Sie dürfen sich das Ergebnis nicht als klassische Biografie vorstellen.
Siegert stellt uns den Komponisten Beethoven (1770-1827) vor als
Menschen seiner Zeit, und die war unruhig, geprägt von Revolutionen und
Kriegen. Die uns gegebenen Informationen ranken sich um seine Werke, um
die herrschenden politischen und gesellschaftlichen Strömungen, um seine
blaublütigen Mäzene, seine bürgerlichen Freunde und seine meist nicht
erwiderten Lieben. Beethovens auch 200 Jahre nach seinem Tod weltweit
aufgeführte Kompositionen werden so im Licht zeitgenössischer Ereignisse
verständlicher. Dabei kann es nicht schaden, wenn Sie vorab bereits
seine ganz großen Werke kennen. Wenn nicht, wird Sie nach der Lektüre
die Neugier nicht mehr zur Ruhe kommen lassen.
Natürlich beleuchtet Siegert auch Beethovens persönliche
(Schaffens-)Krisen, seine Ertaubung (Heiligenstädter Testament), seine
unerfüllten Lieben (Brief an die „Unsterbliche Geliebte“, deren
Adressatin man heute zu kennen glaubt), seinen wenig diplomatischen
Charakter, seine Verbindungen zu den ihn von Beginn an unterstützenden
Adelshäusern und seine teils tragischen Auseinandersetzungen mit
Schwägerin Johanna und Neffen Karl, seinem Mündel. Diese Schilderungen
sind kein Selbstzweck, sondern verdeutlichen die jeweilige
Lebenssituation, in deren Glanz oder Schatten die berühmten Werke
entstanden.
Beethoven Denkmal in Frankfurt
In diesem Sinne wichtig sind die letzten Kapitel über die Entstehung
seines revolutionären Spätwerks nach dem Tod der von ihm angebeteten,
nun aber niemals mehr erreichbaren Josephine Brunsvik, begleitet auch
von einem immer schlechter werdenden Gesundheitszustand. Die Aufführung
der 9. Sinfonie war weltweit eine Triumph, es gab danach Aufträge zu
weiteren Sinfonien, Opern, Messen und Kammermusik. Was wäre nach der 9.

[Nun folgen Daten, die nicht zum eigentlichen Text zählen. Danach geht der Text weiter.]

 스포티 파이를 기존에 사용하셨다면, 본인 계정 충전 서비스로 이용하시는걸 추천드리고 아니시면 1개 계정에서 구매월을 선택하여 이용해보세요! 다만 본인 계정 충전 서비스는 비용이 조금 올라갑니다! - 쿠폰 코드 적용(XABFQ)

Sinfonie, der Missa solemnis, den späten Klavier- und Cellosonaten und
vor allem nach seinen letzten Streichquartetten auf die Zeitgenossen und
die Nachwelt zugekommen, hätte Beethoven das alles noch realisieren
können!
Ein empfehlenswertes, kurzes, aber alles Wesentliche behandelndes
Traktat über Leben und Wirken des wahrscheinlich größten Komponisten
aller Zeiten. Und zwar ganz ohne die oftmals versuchte Heroisierung des
immer wieder als „Titan“ bezeichneten Tonsetzers. Man denke nur an das
(schreckliche) durch die römische Mythologie beeinflusste
Beethoven-Denkmal von Georg Kolbe in Frankfurt, heute ironischerweise
vor der Kulisse des Nachkriegs-Finanzadels. (Der Titel meines Bildes
lautet übrigens "Sie wollten nur unser Bestes...).

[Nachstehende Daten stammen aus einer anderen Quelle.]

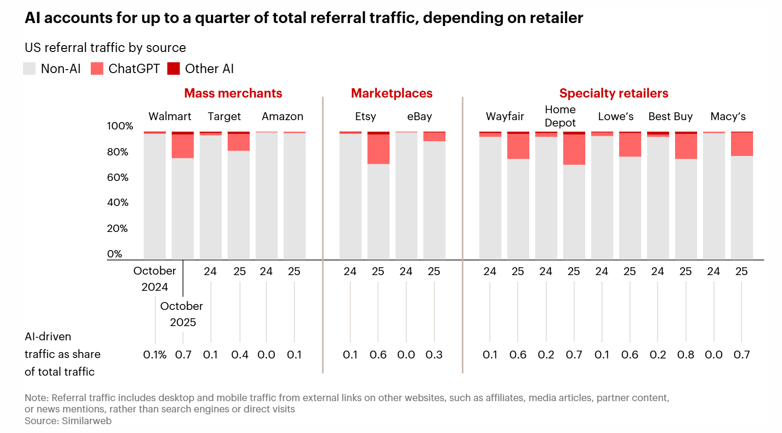 I should, however, note that even though AI (well, mostly ChatGPT for now) accounts for nearly quarter of total referral traffic for mass merchants, marketplaces, and specialty retailers in the US, AI-driven traffic as a percentage of total traffic is largely well below 1% today! So, if conversational continues to take off, it’s likely very, very early days here.

Einer besondere Erwähnung wert ist die geschliffene Sprache, mit der
Stefan Siegert uns sein umfassendes Wissen weitergibt. Zeitgenossen, die
nicht ausschließlich über Messenger-Dienste kommunizieren und schon gar
nicht "zwitschern", werden das begrüßen. Die zahlreichen
Abbildungen runden den Band geschmackvoll ab.